[PATCH 1 of 2 V2] log: flush stdout/err for the first log entries

Sat Sep 26 17:45:45 CDT 2015

On 09/26/2015 01:03 AM, Yuya Nishihara wrote:
> On Fri, 25 Sep 2015 13:08:09 -0500, Matt Mackall wrote:
>> On Thu, 2015-09-24 at 16:11 -0700, Durham Goode wrote:
>>> On 9/24/15 3:51 PM, Matt Mackall wrote:
>>>> On Thu, 2015-09-24 at 13:02 -0700, Durham Goode wrote:
>>>>> On 9/24/15 12:49 PM, Matt Mackall wrote:
>>>>>> On Thu, 2015-09-24 at 12:20 -0700, Durham Goode wrote:
>>>>>>> # HG changeset patch
>>>>>>> # User Durham Goode <durham at fb.com>
>>>>>>> # Date 1443118388 25200
>>>>>>> #      Thu Sep 24 11:13:08 2015 -0700
>>>>>>> # Node ID 7a9aaaadaed9887a956cb6a1e79be527e6f4a20f
>>>>>>> # Parent  a0eff7ebc2aebb32cf4c8da276104102ff37d786
>>>>>>> log: flush stdout/err for the first log entries
>>>>>>>
>>>>>>> There have been problems with the pager where we get no results until the python
>>>>>>> buffer has been filled. Let's fix that by manually flushing the buffer for the
>>>>>>> first 50 commits from log. 50 was chosen because it will likely fill the users
>>>>>>> screen and doesn't introduce a significant overhead.
>>>>>>>
>>>>>>> The overhead of this is negiligble. I see no perf difference when running log on
>>>>>>> 100,000 commits.
>>>>>> Still confused as to why this isn't in the ui code.
>>>>> This is in addition to the ui code.  I have a patch that adjusts the ui
>>>>> code to flush every N seconds, but it causes some tests to fail (since
>>>>> they didn't on the timing of the progress bar output) so I sent these
>>>>> patches first.
>>>>>
>>>>> We still need these 2 patches though.  Imagine a scenario where you run
>>>>> hg log on a directory that has only had one commit total (and it was
>>>>> recent). Immediately one commit is printed into the buffer (before the
>>>>> flush time limit is hit).  Then half an hour goes buy while we scan the
>>>>> rest of the repository for another commit in that directory.  We end up
>>>>> not showing the user that commit until the command is completely
>>>>> finished.  Printing the first N units prevents this experience.
>>>> Right. You can't make the timer thing really work without a thread or
>>>> something.

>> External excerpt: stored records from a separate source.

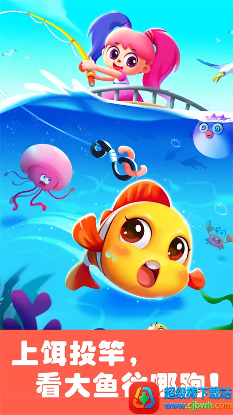 孩子能在游戏中体验趣味钓鱼,选购钓竿和饵料,找准时机诱鱼上钩,培养耐力。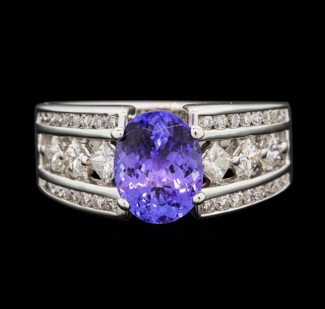 One electronically tested 14KT white gold lady's cast fashion ring with a cathedral shank with a bright polish finish. The featured lady's ring has a shank measuring 4.25 millimeters wide. Identified with markings of "14K". Condition is new, good workmanship. Containing: One prong set oval modified brilliant cut natural tanzanite, measuring 9.50 x 7.35 x 5.25mm, (depth est.) approximate weight of 2.55ct., clarity is slightly included, medium light, moderately strong, bluish violet color, (GIA bV 4/4), cut is very good. Transmitting light with no distortion, transparent. Colored gemstones are presumed to have been subjected to commonly used enhancement processes. Graded in the setting. Six prong set princess cut diamonds, measuring 2.90 x 2.40 x 1.80mm (depth est.) approximate. Total Weight of 6 Stones = 0.62ct. Graded in the setting. Color H - I Clarity SI-1 to I-1 Cut Good Thirty-Two channel set round brilliant cut diamonds, measuring 1.60 - 1.50 x 0.96mm (depth est.) approximate. Total Weight of 32 Stones = 0.45ct. Graded in the setting. Color H - I Clarity SI-1 to I-1 Cut Good. Total Weight of Colored Stones 2.55ct.. Total Weight of Diamonds 1.07ct.. Total Weight of Ring 8.30gm. GAS Appraised.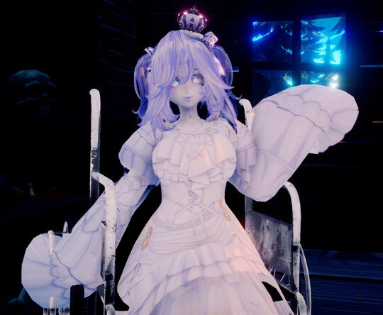 Lavenriel (ラベンダ, Lavender) is a ghost of a princess trapped inside a porcelain doll. She spends her time sleeping, relaxing in her garden, or playing. She loves to experience living through playing life sims. She plays a variety of games including rpgs, puzzle games, and atmospheric games. Her favorite video game franchises are fallout, dragon quest, harvest moon, and saints row. Laven is disabled and can usually be seen in her wheelchair.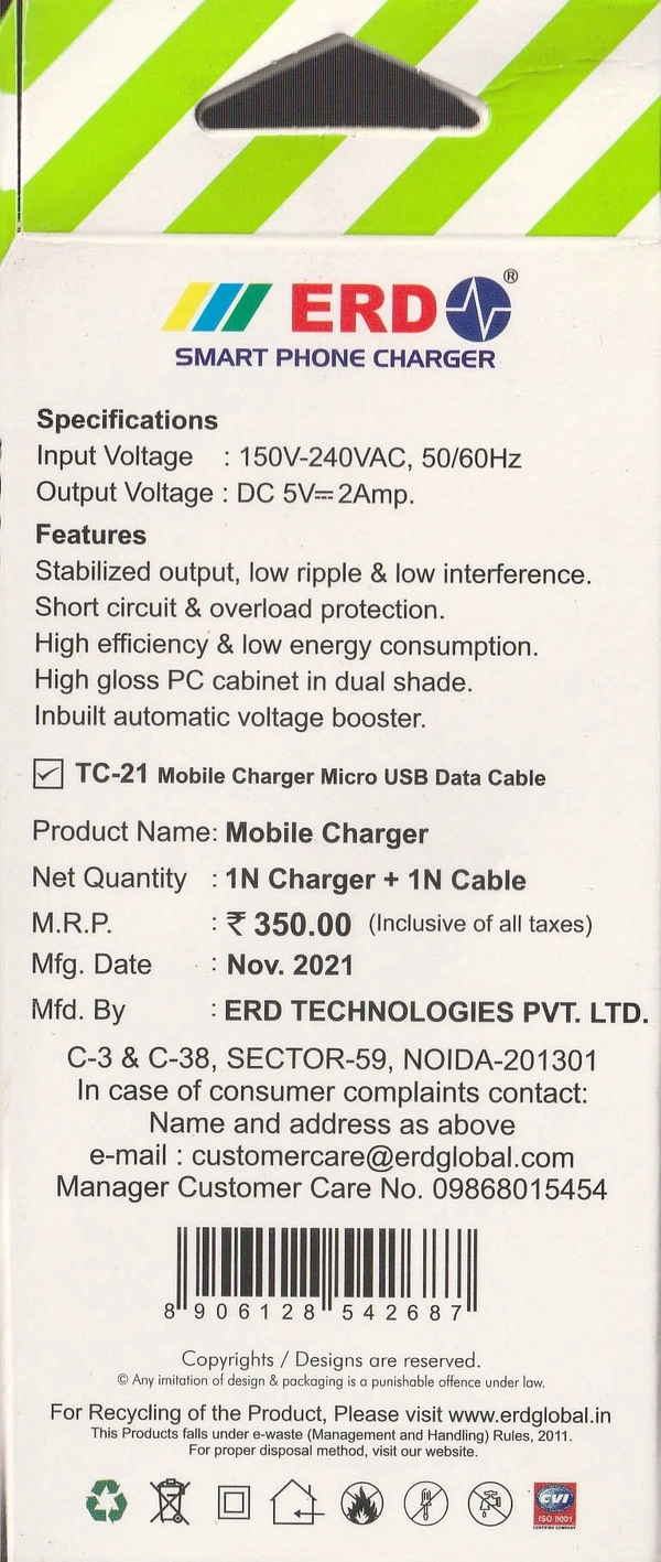 ERD Mobile Charger With Micro USB Cable

So given that's known to be somewhat broken and that this
>>>> flushing problem isn't in any way log-specific, why don't we just put a
>>>> counter and a flush in ui.write()?
>>>>
>>>> I just did this, saw a pretty repeatable 7.2->7.3s change for hg log on
>>>> the hg repo:
>>>>
>>>> diff -r b80b2ee71a08 mercurial/ui.py
>>>> --- a/mercurial/ui.py	Thu Sep 24 00:34:15 2015 -0700
>>>> +++ b/mercurial/ui.py	Thu Sep 24 17:45:42 2015 -0500
>>>> @@ -104,6 +104,7 @@
>>>>            self._ucfg = config.config() # untrusted
>>>>            self._trustusers = set()
>>>>            self._trustgroups = set()
>>>> +        self._outcount = 0
>>>>            self.callhooks = True
>>>>
>>>>            if src:
>>>> @@ -617,6 +618,9 @@
>>>>            else:
>>>>                for a in args:
>>>>                    self.fout.write(str(a))
>>>> +            if self._outcount < 50:
>>>> +                self.fout.flush()
>>>> +                self._outcount += 1
>>>>
>>>>        def write_err(self, *args, **opts):
>>>>            self._progclear()
>>>>
>>>> ("hg log -k sullivan -T." is a pretty good behavior test here.)
>
> So we want line-buffering for first 50 lines?
>
> I've timed it with line-buffered stdout. It's slightly slower than fully-
> buffered io, but perhaps we don't care it if we use the pager.

Look slike you got your hand on the way to control the buffer setting. \o/

We should definitely goes for line (or probably even none) buffering for 
the pager pipe (the same as what we do for no-pager).

-- 
Pierre-Yves David